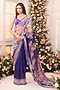 Royal Blue Crystal Satin Floral Printed Pre-Draped Saree Set
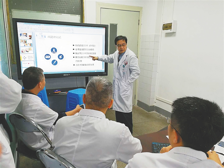 记者采访当天,早上7时不到,崔海宁就已经在医院查房。虽然忙得脚不沾地,可他依然精神奕奕。上午9时,刚查完病房,顾不上喝口热水,崔海宁又召集了科室十几名医生,对一个严重创伤手术病例展开讨论。
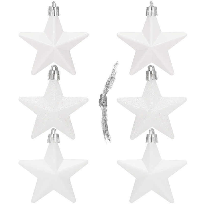 ( ilość produktów: 3944 )Bombki choinkowe 6 szt. gwiazdki ozdoby świąteczne zestaw białe
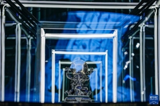 10月18日,在第81屆世界科幻大會(huì)主場(chǎng)館——成都科幻館內(nèi),兩名觀眾從藝術(shù)裝置作品《共生紀(jì)元》前走過(guò)。
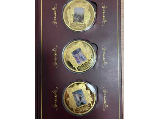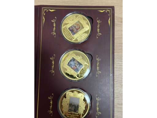 Ensemble de médailles Le Notre Père Civitas Vaticana doré avec des appliqués colorés PP
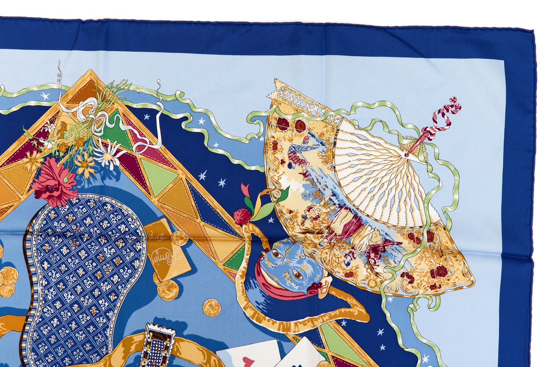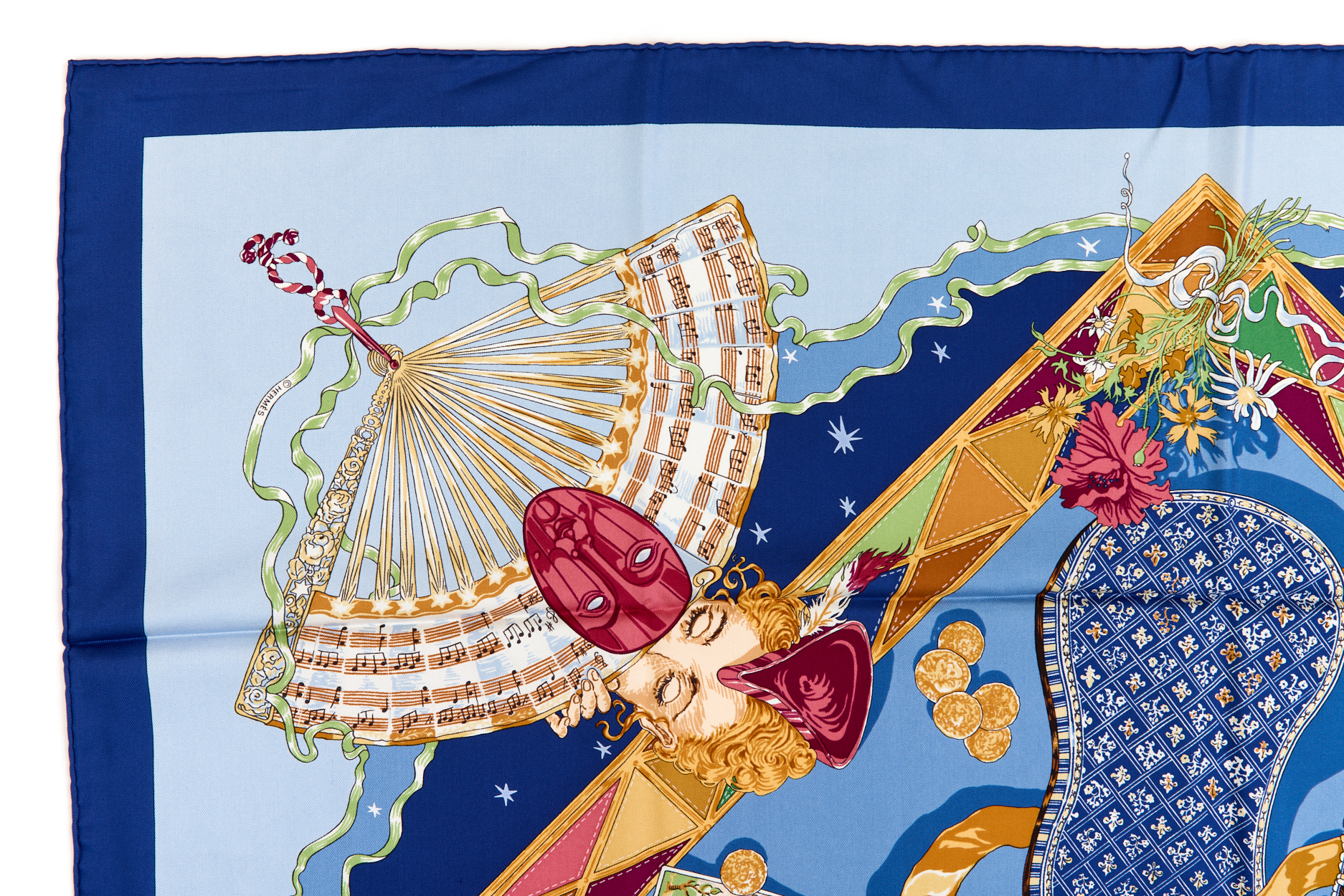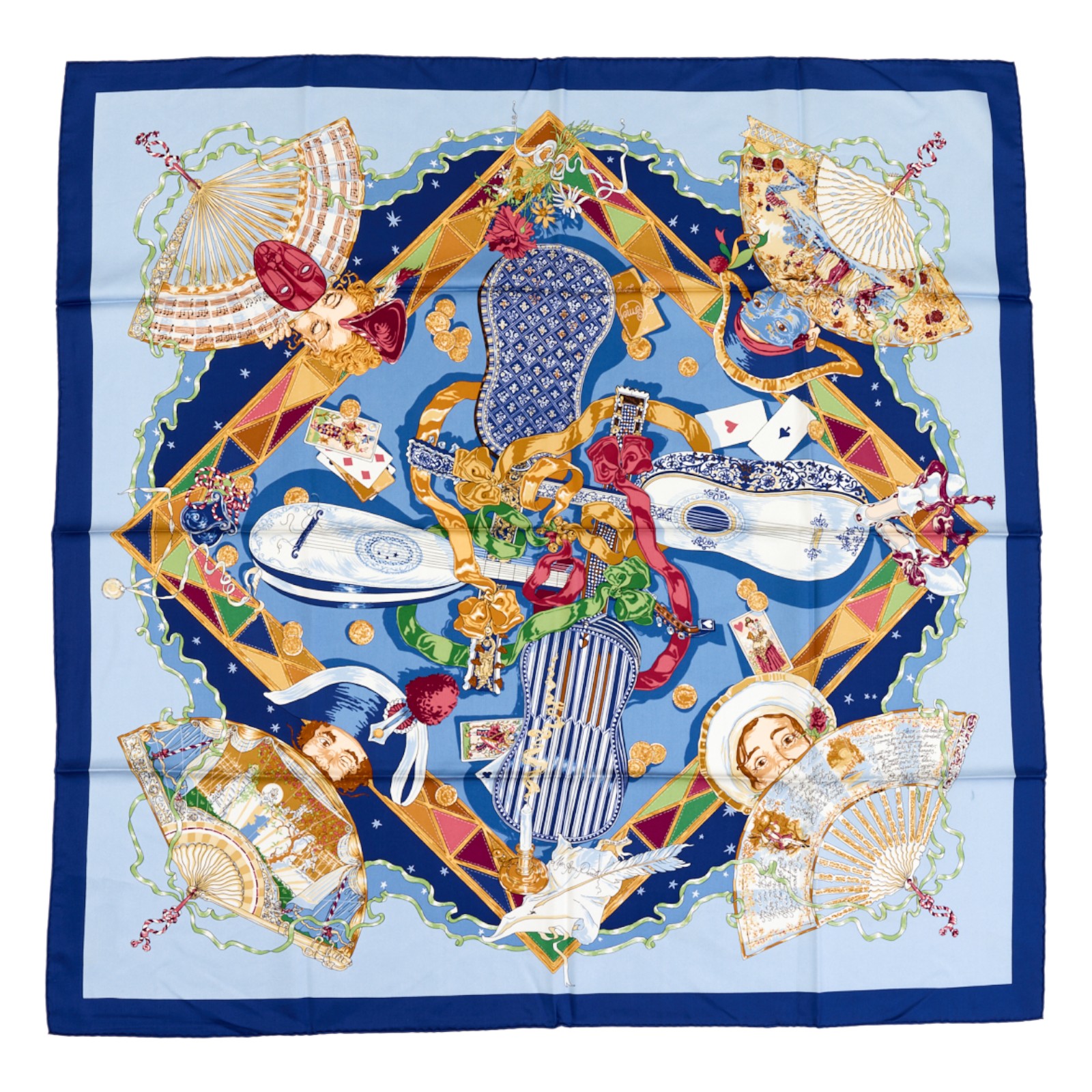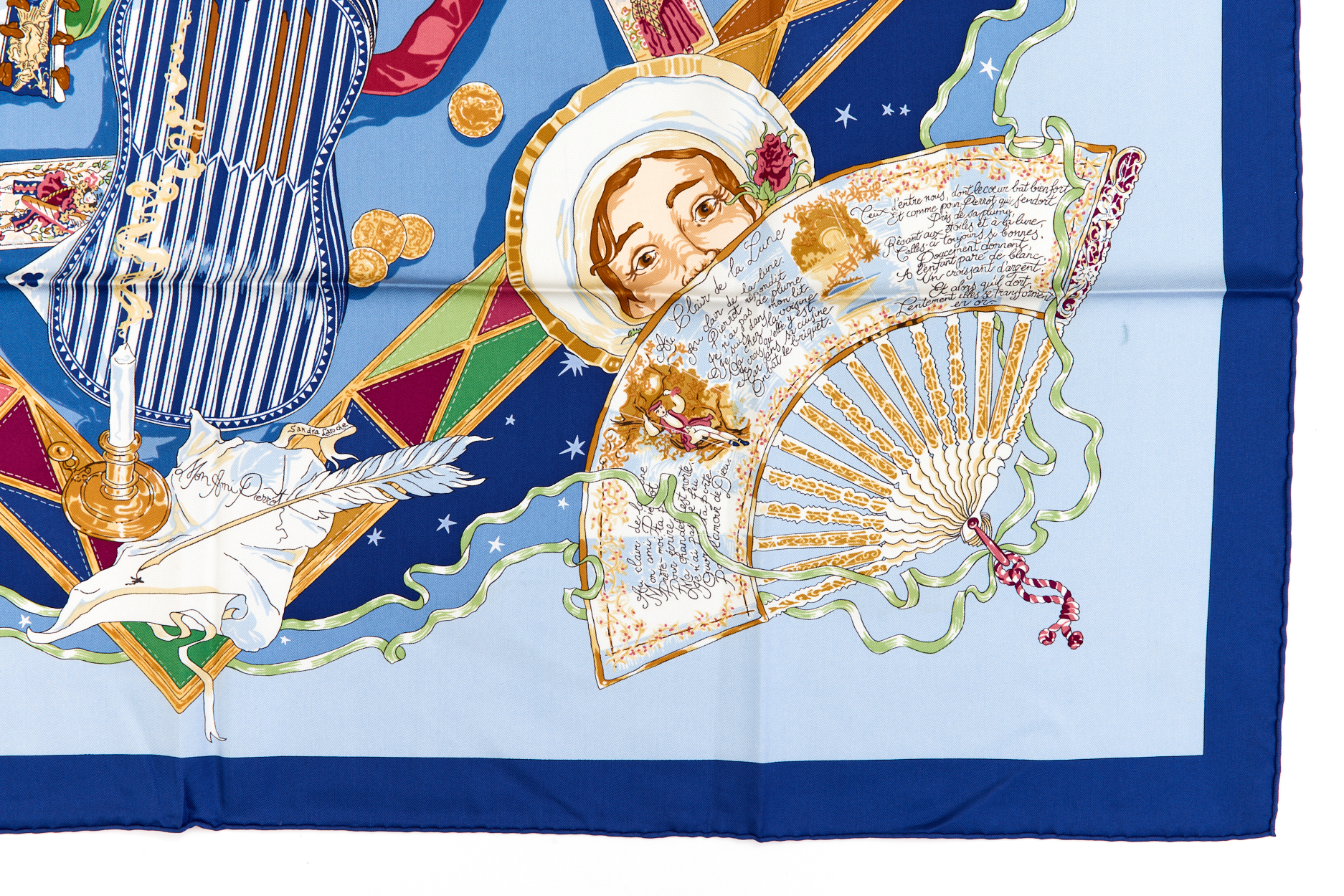 Rare! Hermes Silk Scarf Carre 90 “Mon Ami Pierrot” Blue Silk Scarf
* * * * * * * * *
• PROBLEM REQUIREMENTS: Leaving every picture out, return the lines from the one containing "( ilość produktów: 3944" through the last line of the records exactly.

• RESPONSE AREA:
 ( ilość produktów: 3944 )Bombki choinkowe 6 szt. gwiazdki ozdoby świąteczne zestaw białe
 10月18日,在第81屆世界科幻大會(huì)主場(chǎng)館——成都科幻館內(nèi),兩名觀眾從藝術(shù)裝置作品《共生紀(jì)元》前走過(guò)。
 Ensemble de médailles Le Notre Père Civitas Vaticana doré avec des appliqués colorés PP
 Rare! Hermes Silk Scarf Carre 90 “Mon Ami Pierrot” Blue Silk Scarf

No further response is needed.